Wednesday, February 2, 2011

goodnight baby x


Goodnight Moon Pictures, Images and Photos
the husband and baby x have a very well developed bedtime routine.  each night, the husband and baby x select two books, which the husband reads aloud while holding the books with one hand and baby x with the other.  once the books are finished, the husband recites 'goodnight moon', from memory, always ending with 'goodnight baby x'.

the baron isn't sure - or can't remember - why 'goodnight moon' is the book that is repeated night after night.  it's short and rhyme-y, certainly, which gives the book an easy-to-memorize quality.  but then, so is 'i love you, goodnight', another book in baby x's library.  'goodnight moon' is not even the most delightful of baby x's 'please, please go to sleep now' books (the baron favors 'guess how much i love you', which is so lovely to look at and to read that her heart breaks a little every time she finishes it).

there is something charming, and kooky, and amazingly clever, about 'goodnight moon' though, something the baron only figured out after reading the book a countless number of times. once she spotted it, 'goodnight moon' really started to grow on her.

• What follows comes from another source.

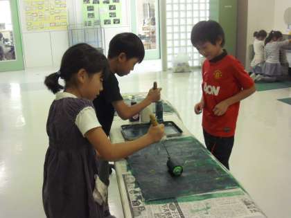 版画では、ようやくローラーで色を塗るところに入りました。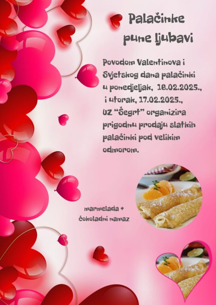 Povezujući Valentinovo i Svjetski dan palačinki, UZ „Šegrt“ organizirala je prigodnu prodaju palačinki. U projektu sudjelovali su učenici 1. i 2. razreda zanimanja kuhar, pomoćni kuhar i prodavač. Slatki ponedjeljak i utorak prošao je u ugodnom druženju učenika i nastavnika.“

it's that, in 'goodnight moon', margaret wise brown is self-referential, ridiculously so.  'goodnight moon' and another of her books, 'the runaway bunny' (also lovely in a makes-the-baron-cry-every-time kind of way), are all over 'goodnight moon'.

to wit:

the book on the little boy bunny's bedside table?  'goodnight moon'.

the only book on the bookcase with a readable spine?  'the runaway bunny'.

the painting on the wall behind the quiet old lady whispering hush?  an image from 'the runaway bunny' (it's the scene where the mommy bunny fishes for the baby bunny.  no, really, fishing, like in a stream, with a carrot as bait).

the quiet old lady whispering hush?  the mommy bunny from 'the runaway bunny'!

the little boy bunny in bed, to whom 'goodnight moon' is read?  the runaway bunny from 'the runaway bunny'!

it's all very cute and very meta, but here's the thing: these hidden asides aren't immediately obvious - at least they weren't to the baron - and that makes the baron love them even more.  they're super-secret jokes, put in by author and illustrator, for reasons hard to immediately discern.  no doubt, with a little help from her friend google, the baron could learn all about 'goodnight moon', for the gentle winks contained within it have no doubt been cataloged by someone, somewhere on the interweb.

but, reader?  the baron probably won't bother with trying to find out the whys and whens and how-many-other-times about 'goodnight moon'.  it's kind of delightful enough, just the way it is.